1. Background
Sharding
Apache ShardingSphere
It is the core feature of , and also ShardingSphere
one of the most well-known abilities of . In the past, if users needed to shard databases and tables, a typical implementation process (excluding data migration) was as follows:
- Users need to accurately understand the fragmentation strategy of each data table
- Clearly know the actual table name and database of each table
- Configure fragmentation rules based on this information
Taking the above sub-database and table-splitting scenario as an example, 8 库 * 4 表
the distribution of data may be as follows:
2. Pain points
In the aforementioned scenario of sub-database and sub-table, as a Sharding
functional user, he must have a clear understanding of the distribution of data tables in order to write correct actualDataNodes
rules. The sharding configuration corresponding to the above t_order
table is as follows:
tables:
t_order:
actualDataNodes: ds_${
0..7}.t_order_${
0..3}
databaseStrategy:
standard:
shardingColumn: order_id
shardingAlgorithmName: database_inline
tableStrategy:
standard:
shardingColumn: order_id
shardingAlgorithmName: table_inline
shardingAlgorithms:
database_inline:
type: INLINE
props:
algorithm-expression: ds_${
order_id % 8}
table_inline:
type: INLINE
props:
algorithm-expression: t_order_${
order_id % 4}
ShardingSphere
Although the configuration rules of are very standardized and concise, users still encounter various troubles in use:
- Do not understand the sharding strategy or configuration rules, no way to start
- The shard configuration does not match the actual distribution of the data table
- The configuration expression is malformed
- etc.
Three, AutoTable turned out
In order to help users better use the sharding function, reduce configuration complexity and improve user experience, Apache ShardingSphere 5.0.0
the version introduces a new sharding configuration method: AutoTable
.
As the name implies, AutoTable
the type of data table is ShardingSphere
automatically . Users only need to specify the number of shards and the data source used, and no longer need to care about the specific distribution of the table.

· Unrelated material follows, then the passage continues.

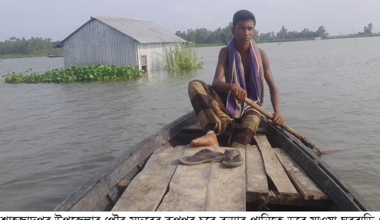 মোঃ মুমীদুজ্জামান জাহানঃ যমুনা নদীতে পানি বৃদ্ধি অব্যাহত থাকায় সিরাজগঞ্জের শাহজাদপুর উপজেলার পৌর এলাকা সহ ১৩ টি ইউনিয়নের বন্যা পরিস্থিতির চরম অবনতি হয়েছে। অপরদিকে চরকৈজুরি গ্রামের শান্ত মন্ডলের শিশু কন্যা শান্তনা খাতুন(৬)বন্যার পানিতে গোসল করতে গিয়ে গভির পানিতে ডুবে মারা গেছে। এ ঘটনায় এলাকায় শোকের ছায়া নেমে এসেছে। জানা যায়, রোজার ঈদের কয়েকদিন আগে রাউতারা স্লুইচগেট সংলগ্ন রিং বাঁধ ভেঙ্গে বিস্তৃর্ণ এলাকা বন্যা কবলিত হওয়ার পর গত কয়েক দিনের টানা বর্ষণ ও উজানের ঢলে এ পরিস্থিতির সৃষ্টি হয়েছে। বিশেষ করে যমুনা নদীর অধিকাংশ চর ডুবে যাওয়ায় হত দরিদ্র মানুষ জন চরম বিপাকে পড়েছে। এ ছাড়া পৌর সদরের রূপপুর চর এলাকা সহ শহরের অধিকাংশ নিচু এলাকা বন্যা কবলিত হয়ে পড়েছে। এ সব এলাকার পথ ঘাট ডুবে যাওয়ায় মানুষ জন নৌকায় করে চলাচল করছে। অপরদিকে উপজেলার ১৩ টি ইউনিয়নের নিচু ও কাঁচা ঘরবাড়ি বন্যার পানিতে ডুবে যাওয়ায় তারা মানবেতর জীবন যাপন করছে। জানা গেছে,শাহজাদপুর পয়েন্টে যমুনা নদীর পানি বৃদ্ধি পেয়ে গত ২৪ ঘন্টায় বিপদ সীমার ৩২ সেন্টিমিটার নীচ দিয়ে প্রবাহিত হচ্ছে । বন্যার পানি এ ভাবে বৃদ্ধি অব্যাহত থাকলে ২/১ দিনের মধ্যে তা বিপদসীমা অতিক্রম করার সম্ভাবনা রয়েছে । শুক্রবার বিকেলে শাহজাদপুরের রূপপুর চর এলাকায় গেলে হৃদয়,রণজিৎ,গণি মিয়া,রাজু সিদ্দিক,আমেনা বেগম,ফিরোজা খাতুন জানান, এখানকার প্রায় অর্ধ শতাধিক পানি বন্দি মানুষ খাদ্য সংকটে পড়ে মানবেতর জীবন যাপন করছে। তাদের কাছে গত কয়েক দিনেও কোন সরকারী সাহায্য পৌছেনি। এ ব্যাপারে শাহজাদপুর পৌরসভার ভারপ্রাপ্ত মেয়র নাসির উদ্দিন বলেন, উর্ধতন কর্তৃপক্ষকে বিষয়টি অবহিত করা হয়েছে। সরকারী সাহায্য পেলে তা দ্রুত সময়ের মধ্যে তাদের কাছে পৌছে দেয়া হবে।

The configuration format is as follows:
autoTables:
t_order:
# 指定使用的数据源
actualDataSources: ds_${
0..7}
shardingStrategy:
standard:
shardingColumn: order_id
shardingAlgorithmName: mod
shardingAlgorithms:
mod:
type: MOD
props:
# 指定分片数量
sharding-count: 32
Through the above configuration, ShardingSphere
it is recognized that the logical table t_order
needs to be divided into 32
pieces and use 8
a data source, then 8库 * 4表
the distribution relationship of is automatically calculated to achieve a configuration result equivalent to the traditional method.

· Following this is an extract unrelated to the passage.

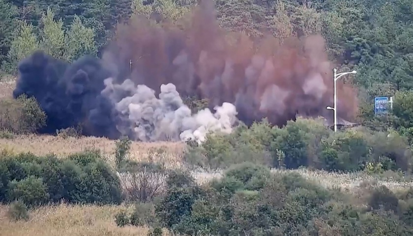 据央视新闻报道,经朝鲜国防省确认,2024年10月15日中午朝鲜人民军对江原道高城郡甘湖里以及开城板门区东内里各60米的路段进行爆破,完全切断与韩国连接的公路和铁路。此举的依据是“把韩国定义为敌对国家”的朝鲜宪法要求,以及敌对势力严重挑衅的安全形势。

Fourth, combine with DistSQL
In the article "DistSQL: Using Apache ShardingSphere Like a Database" , Meng Haoran introduced DistSQL
the original design intention and syntax system of , and demonstrated SQL
the powerful ability to create distributed database tables through practical operations, showing the interactive experience Apache ShardingSphere
in the new form.
In the scenario of DistSQL
using for data management, AutoTable
it can greatly reduce the complexity of sharding configuration. Moreover, compared with the traditional file configuration form, the sharding rules configured DistSQL
through are effective immediately and do not need to be restarted, so there is no need to worry about the rule adjustment of a single table affecting other online services.
5. Fragmentation Algorithm Supported by AutoTable
AutoTable
Supports all automatic sharding algorithms, including:
MOD
: Modulus sharding algorithmHASH_MOD
: Hash modulo sharding algorithmVOLUME_RANGE
: Range sharding algorithm based on shard capacityBOUNDARY_RANGE
: Range Fragmentation Algorithm Based on Fragmentation BoundariesAUTO_INTERVAL
: Automatic Time Segment Sharding Algorithm
More details about the above algorithms and usage examples are reserved for the next chapter.